Embodiment 31. A system comprising: a processing circuit; and a memory including program instructions that, when executed by the processing circuit, cause the processing circuit to: applying a set of rules to the patient parameter data to determine a risk score for cardiac arrest; determining that the risk score meets one or more criteria; and in response to the one or more criteria being met, performing at least one of: providing a notification of a risk score for cardiac arrest to one or more users; or one or more sources of contextual patient data.
Embodiment 32. The system of embodiment 31 wherein the set of rules includes a machine learning algorithm.
Embodiment 33. The system of embodiment 32 wherein the processing circuit is configured to generate the machine learning algorithm using unsupervised learning.
Embodiment 34 the system of any one or more of embodiments 31-33, wherein the one or more criteria comprises a threshold.
Embodiment 35 the system of any one or more of embodiments 31-34, wherein the one or more sources of contextual patient data comprise one or more of a smart phone, a smart watch, or an internet of things device.
Embodiment 36 the system of any one or more of embodiments 31-35, wherein the processing circuit is configured to provide the notification via one or more of a smart phone, a smart watch, or an internet of things device.
Embodiment 37 the system of any one or more of embodiments 31 or 36, wherein the processing circuitry comprises processing circuitry of a smartphone of the patient.
Various examples have been described. These and other examples are within the scope of the following claims.
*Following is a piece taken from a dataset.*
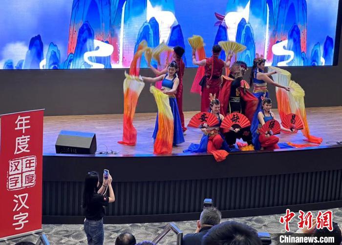 主辦方以“變臉”表演一一展示十大漢字。記者陳悅攝

Claim (modification according to treaty 19)
1. A system, comprising:
an insertable cardiac monitor configured for insertion into a patient;
a processing circuit; and
a memory containing program instructions that, when executed by the processing circuitry, cause the processing circuitry to:
applying a set of rules to first patient parameter data sensed by the pluggable cardiac monitor for a first determination of whether sudden cardiac arrest of the patient is detected;
determining that one or more context criteria of the first determination are met based at least in part on the confidence level of the first determination being below a threshold;
in response to the one or more context criteria being met, activating another device to collect at least one patient parameter not included in the first patient parameter data, the another device being different from the pluggable cardiac monitor and the another device being physically proximate to the patient and external to the patient;
applying a machine learning model to second patient parameter data for a second determination of whether sudden cardiac arrest of the patient is detected; and
in response to whether the second determination of cardiac arrest is detected for the patient indicative of cardiac arrest, causing the other device to output an indication of cardiac arrest,
Wherein the second patient parameter data includes the at least one patient parameter not included in the first patient parameter data.
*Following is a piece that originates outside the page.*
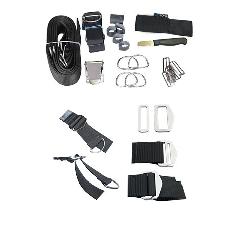 Quick Fix csatos heveder szett kompletten! A csomag tartalma: 4 m-es heveder kés - tokkal rozsdamentes acél csat gumiszalag (4x keskeny, 1x széles) ágyék heveder egy integrált D-gyűrűvel 2x D-gyűrű kanyar 2x normál D-gyűrű 5x stopper 2x S-S csat Quick

2. The system of claim 1, wherein the machine learning model comprises a first machine learning model and the set of rules comprises a second machine learning model.
3. The system of claim 1, wherein the first patient parameter data comprises at least one patient parameter determined from electrocardiogram data of the patient, and the at least one parameter of the second patient parameter data not included in the first patient parameter data comprises a patient parameter determined from at least one of heart sounds of the patient, impedance of the patient, motion of the patient, respiration of the patient, pose of the patient, blood pressure of the patient, chemicals detected in the patient, or optical signals from the patient.
4. The system of claim 1, wherein the instructions cause the processing circuit to select at least one of the machine learning model or the second patient parameter data based on at least one of a user input associated with the first determination, medical record information of the patient, or a duration of the cardiac arrest indicated by the first determination.
5. The system of claim 1, wherein the first patient parameter data comprises a first set of patient parameters, and wherein the instructions cause the processing circuit to:
determining a level of at least one of the first set of patient parameters in the first patient parameter data; and
at least one of the machine learning model or a second patient parameter of the second patient parameter data is selected based on the level.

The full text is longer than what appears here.